Это был 39 год. Стояли трескучие морозы. Вода в колодце покрывалась льдом, и его пробивали привязанной вместо ведра кувалдой. В то утро я пришел из школы раньше и слонялся по избе, мучимый тягучей детской завистью. Отец моего одноклассника Володьки разжился в городе отличным цейсовским биноклем, выменяв его на несколько ведер картофеля. Володькиной гордости не было предела, и мне очень хотелось хоть чем-нибудь похвастаться в ответ. Благо такая вещь у меня была. Глубоко в подподле, под кучей рассохшихся огуречных кадушек, хранилась покрытая толстым слоем масла наша единственная семейная ценность - двуствольная охотничья тулка. Еще в период первой мировой, мой прадед притащил ружье с фронта, и все это время двустволка прозябала среди домашних заготовок и бутылок с самогоном. Я наткнулся на нее случайно, играя в прятки, и с тех пор ружье было моей тайной, и манило бесконечно. Рассказать отцу о находке я не решался, потому что понимал - раз вещь спрятана, значит это не просто так.
Друзья зашли, как всегда, после обеда. Отряхнув валенки в сенях, гурьбой ввалились в избу, и начали меня поторапливать - еще на первом уроке мы договорились пойти на мельницу и устроить охоту на ворон, коих в том году водилось в изобилии.
Первым, и самым важным, выступал Володька - отцовский бинокль, бережно перевязанный полотенцем, был спрятан на груди под тулупом, отчего всю Володькину фигуру самым смешным образом вздуло вперед.
- Вот узнают про покражу оптики, и самого тебя вздуют, - ехидно подумал я, натягивая валенки.
Но о порке Володька помышлял меньше всего, и был занят живописанием технических свойств прибора.
- Это ведь и луну запросто углядеть можно. А уж ворон набьем - черно вокруг станет. Она только сядет, а я ее увижу, и каааак бабахну, - распространялся мой друг, показывая руками как именно он собирается бабахнуть.
- Да уж, - подобострастно поддакивал соседский Темка, - это ты теперь будешь совсем как настоящий солдат.
- Совсем-совсем как непонарошечный, - подытожил лизоблюдство 5-летний Володькин брат.
Последний слова колом вонзились в мое и без того израненное сердце, и я не выдержал:
- Никакие вы не солдаты, - важно сообщил я и задрал нос к потолку.

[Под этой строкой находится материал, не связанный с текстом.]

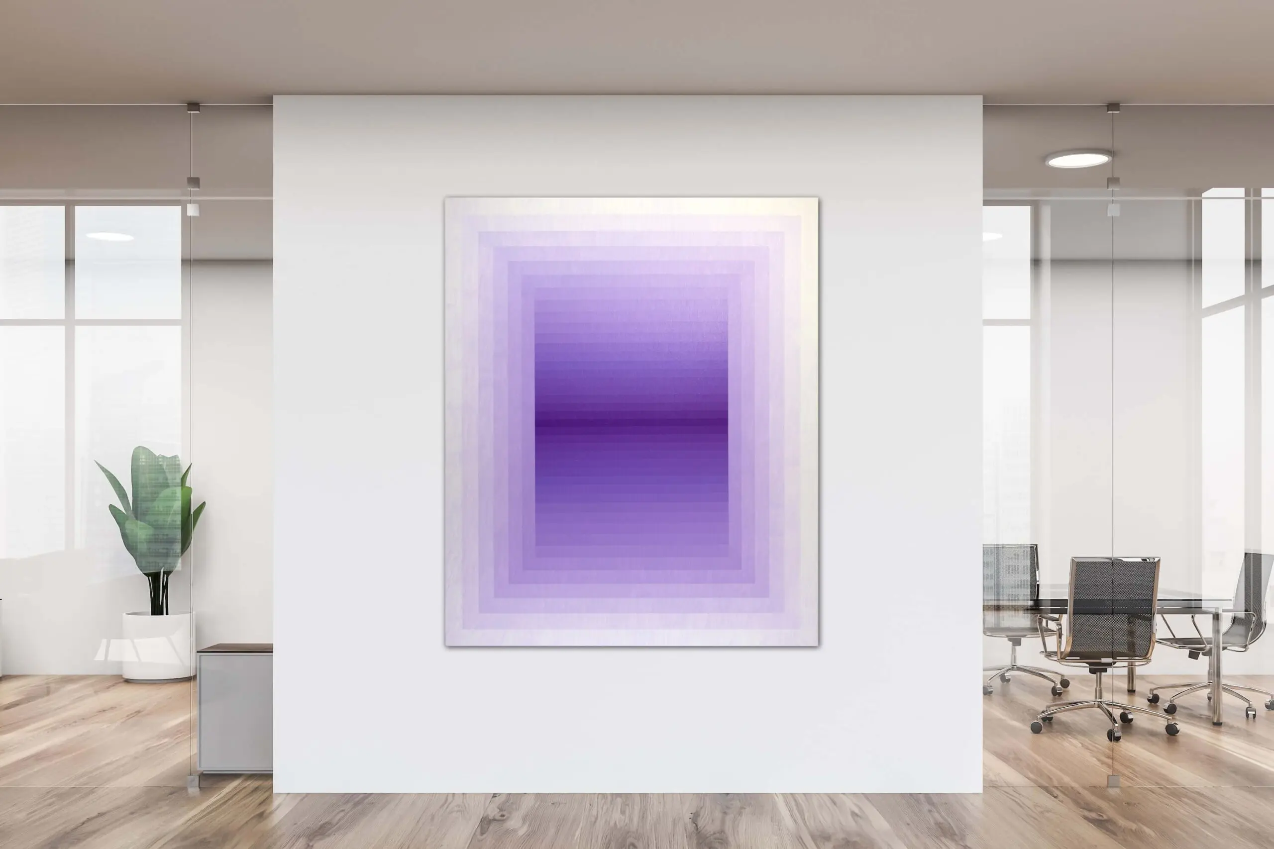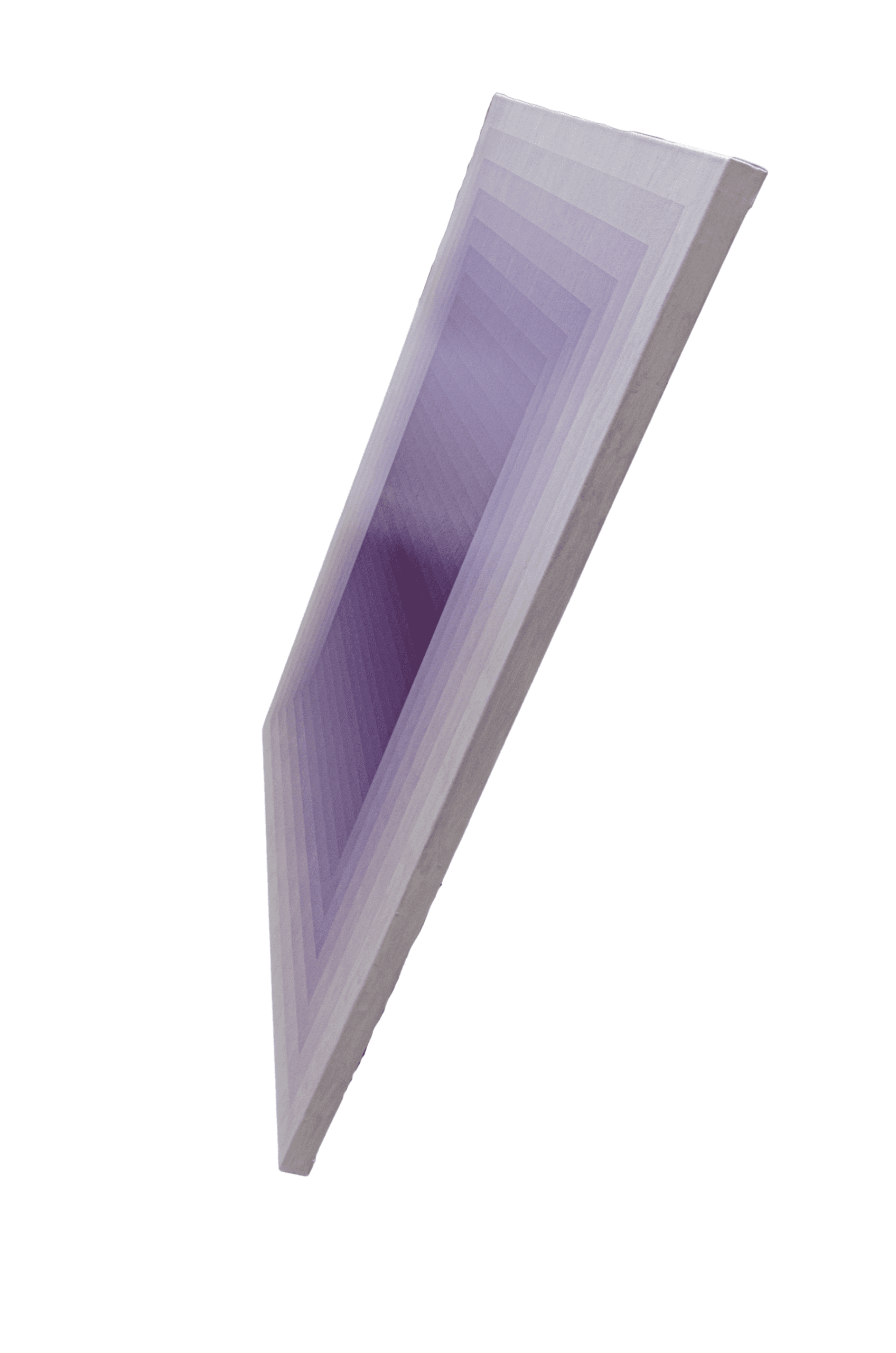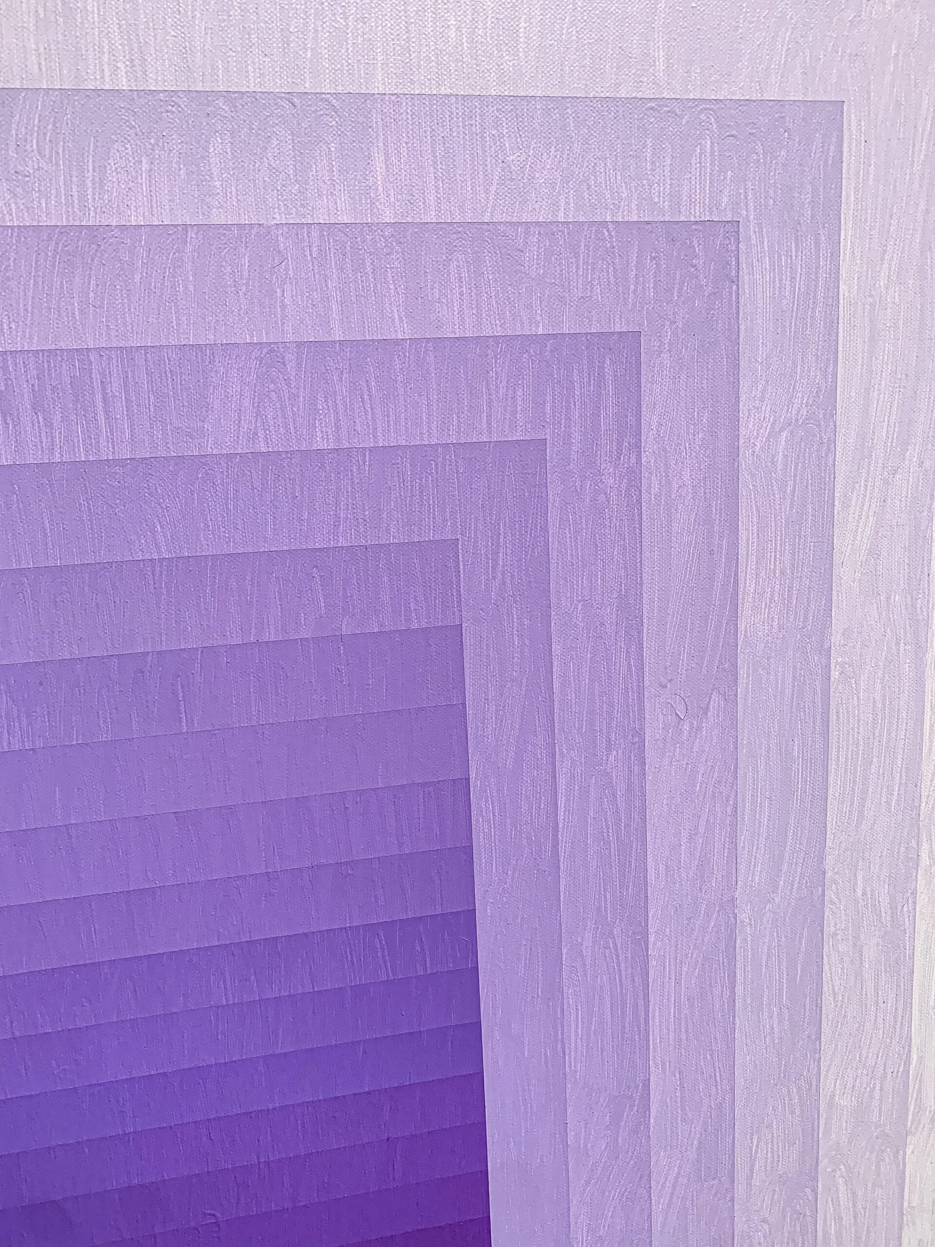 This painting presents a refined exploration of gradient, geometry, and perception. Structured with concentric rectangles that gently transition from pale lavender at the edges to a rich, saturated violet at the center, the composition pulls the viewer inward, evoking a sense of spatial depth and meditative stillness. The repetition of form and controlled chromatic shifts recall the language of Op Art and Color Field painting, yet the softness of the transitions introduces a contemplative, almost atmospheric quality.

- Это почему? - угрожающе спросил Володька, и его руки в козьих рукавицах немедленно сжались в кулаки.
- У солдата - ружо, а тебе мать и ухвата не доверит.
- Так уж и ухвата, - скорчил рожу Темка. - Уж можно подумать, будто у тебя этих ружей тыщща.
- Тыщща, не тыщща, а одно имеется.
С этими словами, я опрометью бросился в подвал, и вернулся оттуда с дедовской двустволкой.
В избе повисла тишина. То, что Володька выкусил, было очевидно.
- Стереляет? - испуганно спросил 5-летний Костик.
- А то, - ответил ему я. - Это вам не ухват.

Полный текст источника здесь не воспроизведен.